Editorial Diario del Norte
Editorial

Lo que Petro nos dejó

La presencia institucional del Gobierno Nacional en La Guajira ha dejado entre los habitantes del Departamento una satisfacción esperanzadora y llena de optimismo, basado en la credibilidad que…

La presencia institucional del Gobierno Nacional en La Guajira ha dejado entre los habitantes del Departamento una satisfacción esperanzadora y llena de optimismo, basado en la credibilidad que tiene el mandato de Gustavo Petro, en la cual hizo anuncios importantes que, de ponerse en práctica, entra a mejorar las necesidades que tienen las comunidades indígenas wayuú, así como la población en general.

La Guajira vivió una semana con la presencia del presidente, vicepresidenta y todos los ministros, institutos descentralizados, superintendentes y demás funcionarios del Gobierno nacional, que escucharon las necesidades y propusieron soluciones que son apremiantes y de pronta respuesta, especialmente con el apoyo económico que requieren los hospitales de Riohacha, Nazareth (Uribia), Manaure, El Molino y Distracción, así como en el resto de proyectos que anunciaron los diferentes ministerios que sumandos representan toda una millonada de dinero.

Todo lo anterior puede estar consignado en el decreto 1085 de 2023, por medio del cual se oficializa la emergencia económica, social y ecológica en La Guajira por 30 días, prorrogable a 30 o 60 días más, todo encaminado a conjurar la crisis humanitaria que está viviendo el Departamento.

Entendemos que la crisis económica y social que vive el Departamento no se va a solucionar en los días de vigencia del decreto, ya que el mismo se hace con fin de trasladar recursos y luego vendrán las realizaciones de las obras y las soluciones para lo cual fue decretada la emergencia en este Departamento.

Qué bien por el presidente Gustavo Petro, quien le ha prestado atención de manera racional a la crisis humanitaria que en términos generales vive La Guajira, trasladándose con su equipo de gobierno para comenzar a pagar la deuda social que la Nación tiene con este Departamento, comenzando a ponerle medidas efectivas de solución, de las cuales, solo esperamos que sea toda una realidad y no un sofisma mediático que realizan los gobernantes.

Creemos en la propuesta de Gustavo Petro de comenzar a mitigar nuestra crisis humanitaria y la solución a algunos problemas coyunturales de la educación superior, abriendo nuevas facultades universitarias de medicina, enfermería y ciencias de la salud en general, profesionales que requieren las diferentes comunidades para que puedan salvar vidas.

¿Y el agua?
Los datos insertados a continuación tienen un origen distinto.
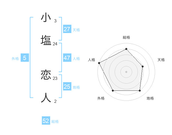 小塩 恋人さんを姓名の画数から五運を鑑定
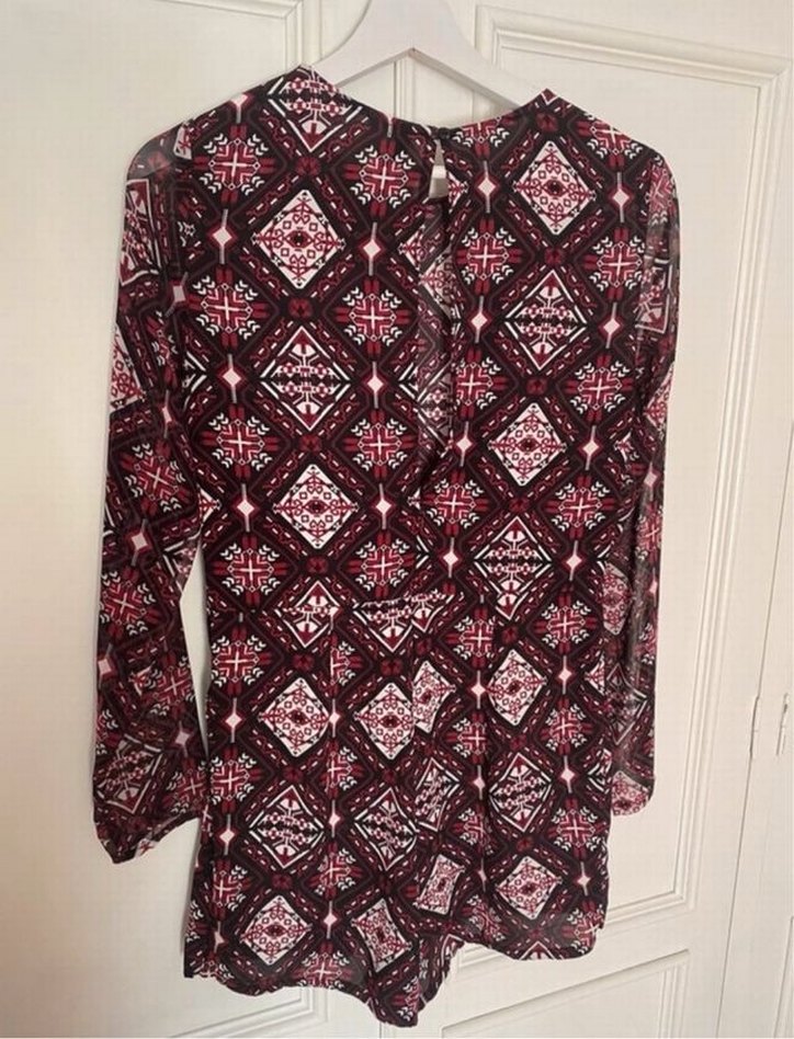 Bordo renkli bohem esintili, desenli, uzun kollu ve yuvarlak yakalı tulum. Rahat kesimli, düğmeli detaylı, mini boy, yumuşak sentetik kumaştan. Transparan
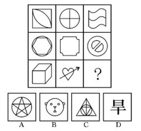 23、 从所给的四个选项中,选择最合适的一个填入问号处,使之呈现一定的规律性:( )
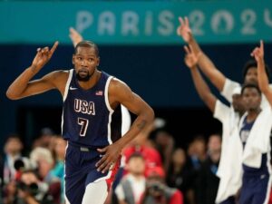 El jugador de los Suns de Phoenix y medallista de oro en los Juegos Olímpicos de París 2024, Kevin Durant,...
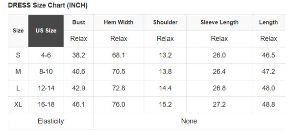 See size chart for approximate measurements.

Existe una frase de cajón que dice: “Si hay agua, hay vida” y creemos que antes de crear un instituto de agua, más bien se debe fortalecer la Empresa Departamental de Servicios Públicos, que ha sido un ente de la Gobernación que hasta el momento ha dado los resultados y cumpliendo sus objetivos: darle agua a las comunidades indígenas que antes no contaban con este servicio.

Solo esperamos conocer las prontas soluciones para que el presidente tenga victorias tempranas.